Lee Ovington of Valuation411 takes a crack at dissecting the Zillow valuation process. Also read the comment by David Gibbons of Zillow, where he sheds some additional light on the algorithms used.
Ovington writes, “Quite simply, the Zestimate relies on a calculated relationship of assessed value to sale price. Zillow merely takes selected transactions and calculates the relationship between the Assessed Values and the Sales Prices. It then applies that ratio to the subject’s assessed value (plus or minus some adjustments) and “whala”, you have Zestimate!”
Gibbons explains, “… the reason you measure a strong correlation between tax assessed values and Zestimates is not because our algorithm is simplistic but because the data we have is incomplete in your area… we’re missing the other information we typically get from the assessor, like sq. ft. and # of beds and baths. In cases like this, no other data is considered in the Zestimate – not becasue the algorithm is flawed – but because we don’t yet have the info.”

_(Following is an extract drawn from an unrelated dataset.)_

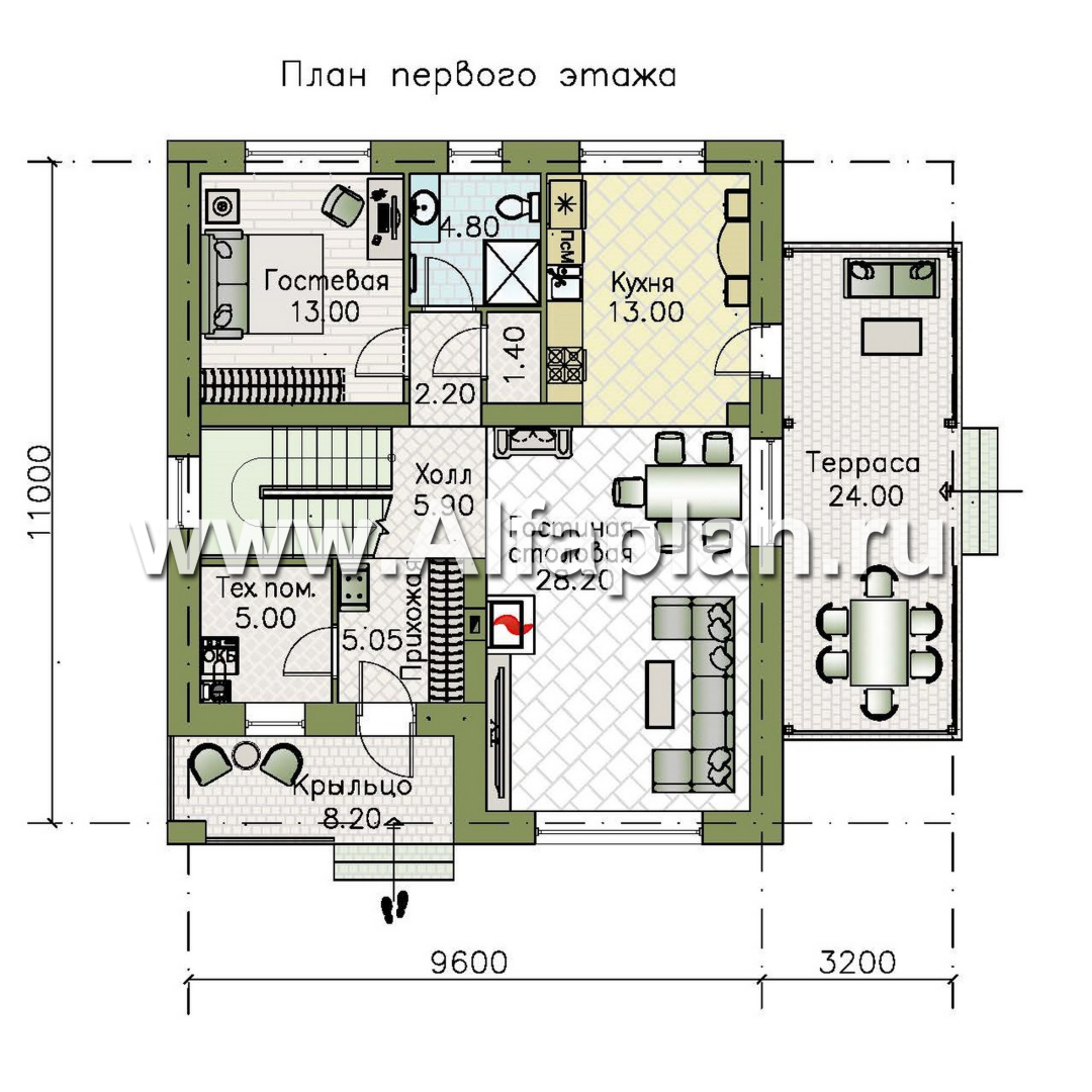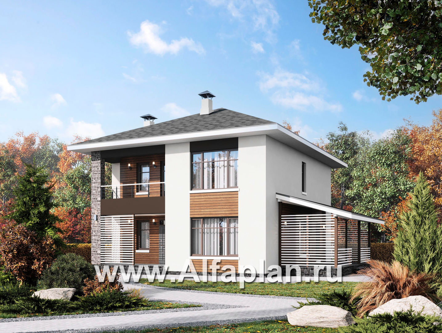 «Ильмень» - современный проект двухэтажного дома из кирпичей, с террасой на боковом фасаде

He continues, “When we do have more information, we use it. The last time I saw a correlation coefficient for all of our data fields, the most correlated field was actually “finished sq. ft.”. Our algorithm mashes up multiple valuation approaches. This allows us to both produce fairly accurate Zestimates with little data but also to significantly tighten up Zestimates when there is more data to be considered.”
One of the interesting parts of the post is where he talks about defending his appraisal to a homeowner who wants to believe the value they found on Zillow and why the appraisal would/could come in lower.
This is something that is starting to happen, and will happen more and more as the public becomes more aware of Zillow and as Zillow improves their valuation processes.